The Centers for Disease Control and Prevention (CDC) has released a list of 39 US states that would currently fit the criteria for a ‘Do Not Travel’ order. While travel-related outbreaks are rare, it is important to be prepared with information on the current situation in these areas.
The list of countries on the do not travel list is a list of countries that the Centers for Disease Control and Prevention has recommended against traveling to due to public health concerns.
The Centers for Disease Control and Prevention (CDC) in the United States added seven additional countries to its list of ‘Level 4: Very High’ risk-rated travel destinations on Monday, increasing the total to 74.
Aruba, Eswatini, France, French Polynesia, Iceland, Israel, and Thailand were added to the CDC’s advised “Do Not Travel” list, which has been gradually increasing over the last several weeks as COVID-19’s Delta (B.1.617.2) variation blights global populations.
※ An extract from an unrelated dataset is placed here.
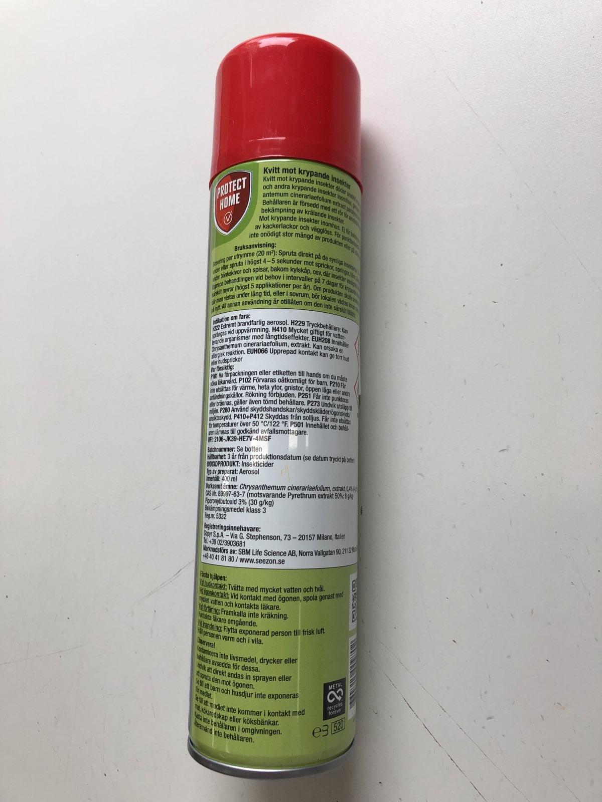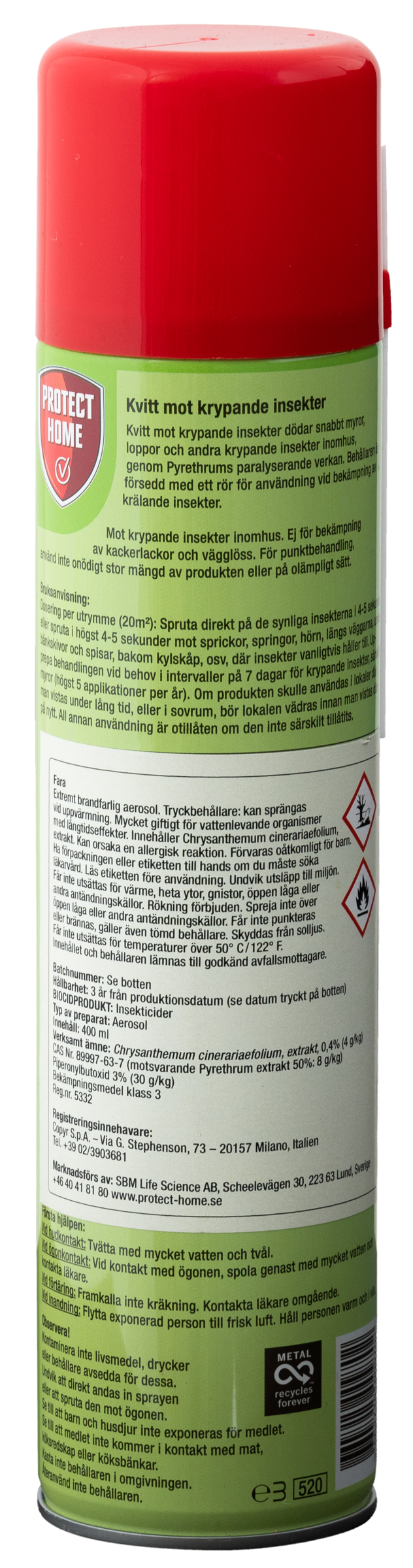 Kvitt mot krypande insekter med Chrysantemum cinerariaefolium extrakt, har en paralyserande verkan och dödar snabbt myror, tvestjärtar, loppor och andra krypande insekter inomhus.

Curacao, Greece, Ireland, Iran, Malta, Martinique, St. Barts, St. Martin, and the US Virgin Islands were among 16 nations recently moved to the agency’s “extremely high” risk category. They joined Costa Rica, Portugal, the Netherlands, Spain, and the United Kingdom on the list, as well as other famous tourist locations.
Countries with a cumulative COVID-19 incidence rate of more than 500 cases per 100,000 inhabitants in the last 28 days are given the highest “Do Not Travel” classification by the CDC. That works up to approximately 18 instances each day on average.
According to a Forbes study, the United States could easily qualify for its own list of ‘Level 4: Very High’-risk travel locations, given its present epidemiological circumstances. The Centers for Disease Control and Prevention (CDC) provides travel warnings for foreign nations and US territory but does not perform risk assessments in the United States. If the agency’s own criteria were applied to specific states, almost four out of five would be classified as “Do Not Travel.”
According to the Brown School of Public Health, the United States is registering approximately 42 new cases per 100,000 individuals each day on a seven-day rolling average. However, Americans are advised not to go to the United Kingdom, where almost 40 new cases per 100,000 people are reported every day.
French Polynesia had the highest infection rate among the seven instances added to the CDC’s “Do Not Travel” list yesterday, with an average of 122.6 new cases per 100,000 people. In contrast, the southern United States states of Florida and Louisiana are reporting 185.9 and 115.8 new cases per 100,000 inhabitants, respectively.
Forbes pointed out that if Florida were a country in its own right, it would be the second-most infested country on the planet. In fact, if Louisiana were a nation, it would rank fourth in the world for daily new COVID-19 infections.
The state department do not travel list is a list of the 39 US states that are currently considered to be unsafe for travelers.